Introduction

Korean pine (Pinus koraiensis Siebold & Zucc.), one of the dominant tree species in natural forests of the Xiaoxing’an Mountains in North China, is irreplaceable for providing structural stability to local forest ecosystems. Its wood is prized for its high quality and strength and easy processability (Lv and Qu 2010). However, wood decay of Pinus koraiensis in natural forests has become a serious problem (Li et al. 2014; Wang et al. 2015). Tree decay is an essential biological process that produces carbon dioxide and water with a release of energy to maintain forest processes (Bednarz et al. 2013), but wood quality is diminished by wood rot fungi during the decay process (Shortle and Dudzik 2012). Such decay affects tree health and timber production by degrading wood cell walls and reducing wood mechanical and physical properties. Factors such as forest density, site conditions (e.g., elevation, slope, humidity, temperature, light, and soil), hydrology and human and animal activities (Chen 1959) need to be assessed for their contributions to tree decay and loss so that appropriate management strategies can be designed.

Among the site conditions, soil properties are critical to the availability and absorption of water and nutrients by trees and affect the rhizosphere of standing trees and thus influence tree decay, as shown by our previous studies on soil physicochemical properties in relation to tree decay (Sun et al 2015). We found that enhanced C/N ratios and pH in the soil of the root zone was associated with more decay in Korean pine trunks. Hietala et al. (2016) noted that the incidence of decay in Norway spruce also increased as the pH increased from 3.8 to 6.4. These studies indicate a close relationship between tree decay and soil chemical properties.

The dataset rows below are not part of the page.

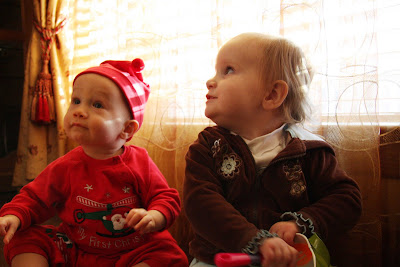 Great pictures Kathryn. When Alex is older I am sure he will not like that we put him in that hat:) The girls Christms Eve dresses are super cute.
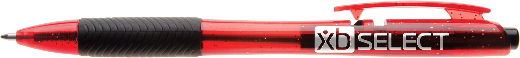 Sparkling translucent barrels and trim. Hourglass barrel and ribbed grip for writing comfort. Unique clip activated retraction. "HUB" branded clip and smooth writing black ink. Material: Plastic Standard Decoration Includes: 1 Color, 1 Location All Available Decoration Options: Silk Screen: 1.5" W x 0.5" H Barrel Tip Type: Ballpoint Mechanism: Push Retractable Standard Packaging: Bulk Tags: plastic, cost effective, popular, pen, tradeshow, trade, show, desk, office, advertisement, college, grade, writing, merchandise, study, high school, university, essay, list, home
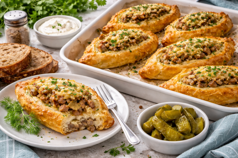 Этот рецепт — настоящая находка для тех, кто любит готовить сытно, красиво и без лишней суеты. В одной порции здесь есть все: нежное мясо, картофельное пюре, пикантные огурчики и хрустящее слоеное тесто. Получается полноценный ужин, который не требует дополнительных гарниров. Ароматные лодочки выглядят эффектно, готовятся просто и отлично подходят как для семейного ужина, так и для гостей.

These properties in turn are closely related to soil microbial communities (Hu et al. 2006; Martiny et al. 2006; Pietri and Brookes 2008); the abundance and composition of the communities can influence soil chemical properties, which can then affect chemical composition (Cai and Huang 2016). In addition, soil microbes can infect roots which could eventually cause trunk decay. However, little information is available on direct relationships between tree decay and soil microbial properties and how soil microbial quantity and diversity contribute to the incidence and severity of decay. Such information is critical to control tree decay; when the relationships are clearer, management practices can be designed to adjust soil properties to improve forest soil and reduce decay in Korean pine.

Therefore, the objective of this study was to analyze the relationship between the degree of tree decay and soil microbial properties based on our previous research and the effects of soil chemical and microbial properties on decay severity in standing trees of Pinus koraiensis. This basic data will lead to the development of forest management practices that reduce decay in this important species.

Materials and methods

Study area

The study area in northeastern China is located in the Liangshui National Nature Reserve on the southern slope of the Dailing region, the largest branch of the Xiaoxing’an Mountains. It has a cold continental monsoon climate with an annual average temperature of 1.4 °C. Field tests and surveys of Pinus koraiensis were carried out in a 30-ha sample plot in the 18th block of the Liangshui Forest District. The main soil type is dark brown forest soil; the dominant tree species is Pinus koraiensis accompanied by species such as Ulmus pumilaTrautv., Abies fabri, Betula costata Trautv., and Tilia tuan Szyszyl.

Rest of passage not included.